▸ HOW TO COMPLETE THIS TASK
All pictures are to be omitted while the lines starting at the line with "Asia Blooming is" and ending at the line with "[EVELLET]ドヘンブ起毛オフショルダールーズフィットバックルカットソー" in the material below are retyped exactly, both ends included.

▸ RECORDS SUPPLIED
-*-*-

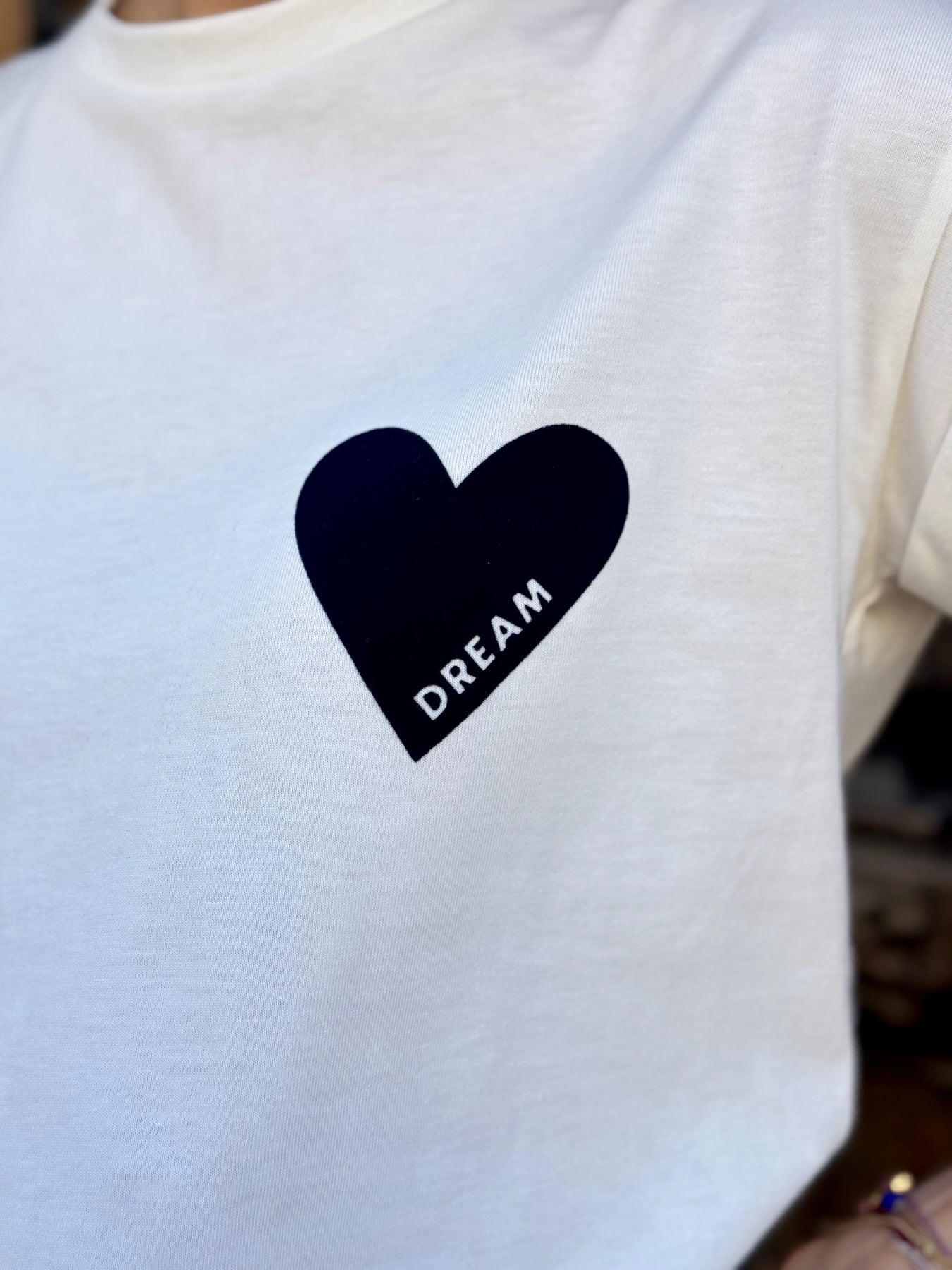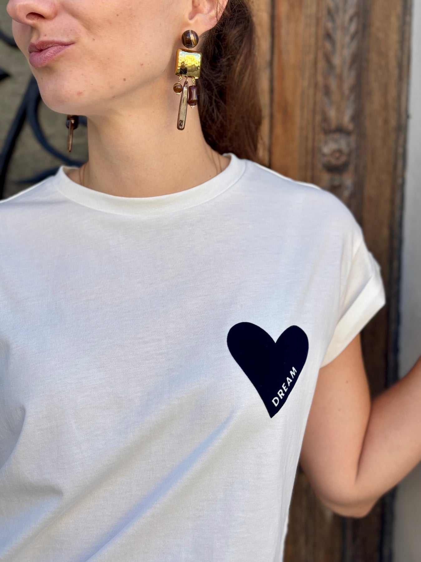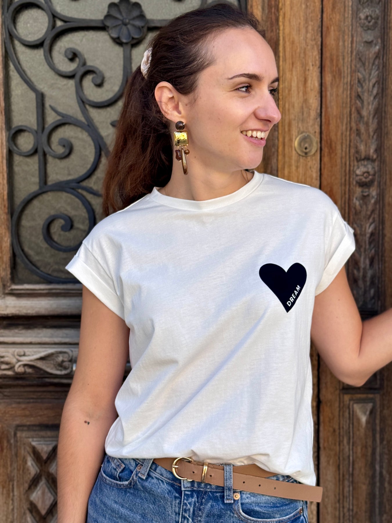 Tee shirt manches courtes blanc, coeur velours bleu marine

-*-*-

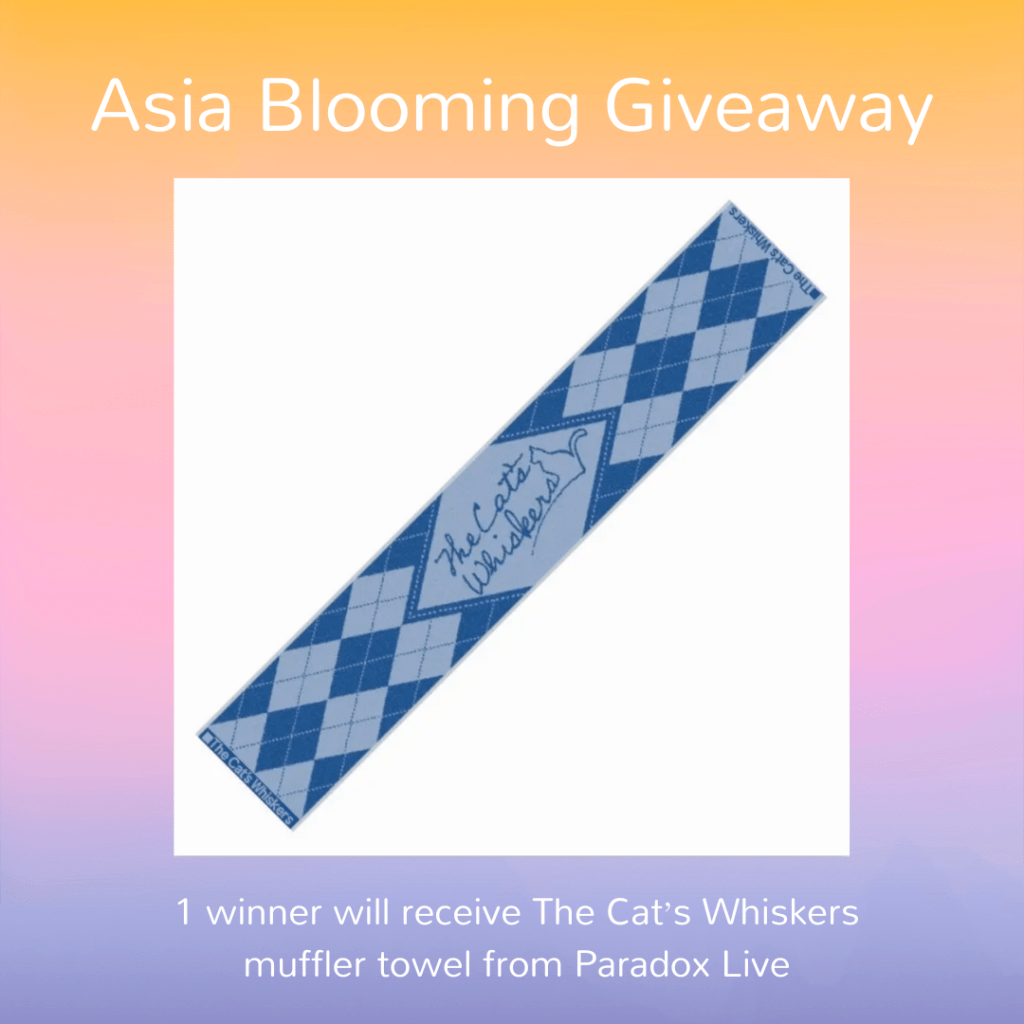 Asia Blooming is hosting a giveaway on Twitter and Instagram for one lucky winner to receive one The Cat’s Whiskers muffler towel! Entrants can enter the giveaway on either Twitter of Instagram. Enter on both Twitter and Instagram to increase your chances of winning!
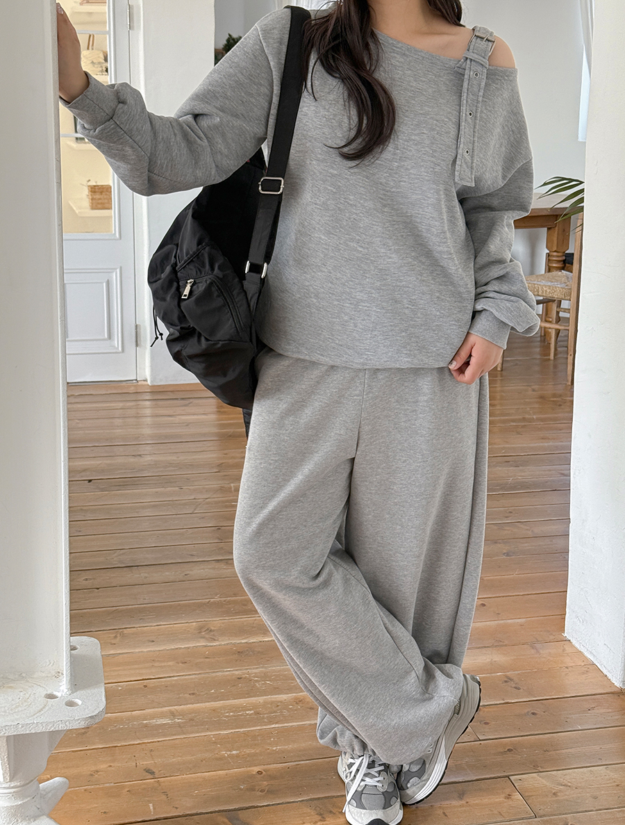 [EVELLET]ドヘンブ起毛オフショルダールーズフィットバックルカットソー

-*-*-

▸ TASK RESULT
 Asia Blooming is hosting a giveaway on Twitter and Instagram for one lucky winner to receive one The Cat’s Whiskers muffler towel! Entrants can enter the giveaway on either Twitter of Instagram. Enter on both Twitter and Instagram to increase your chances of winning!
 [EVELLET]ドヘンブ起毛オフショルダールーズフィットバックルカットソー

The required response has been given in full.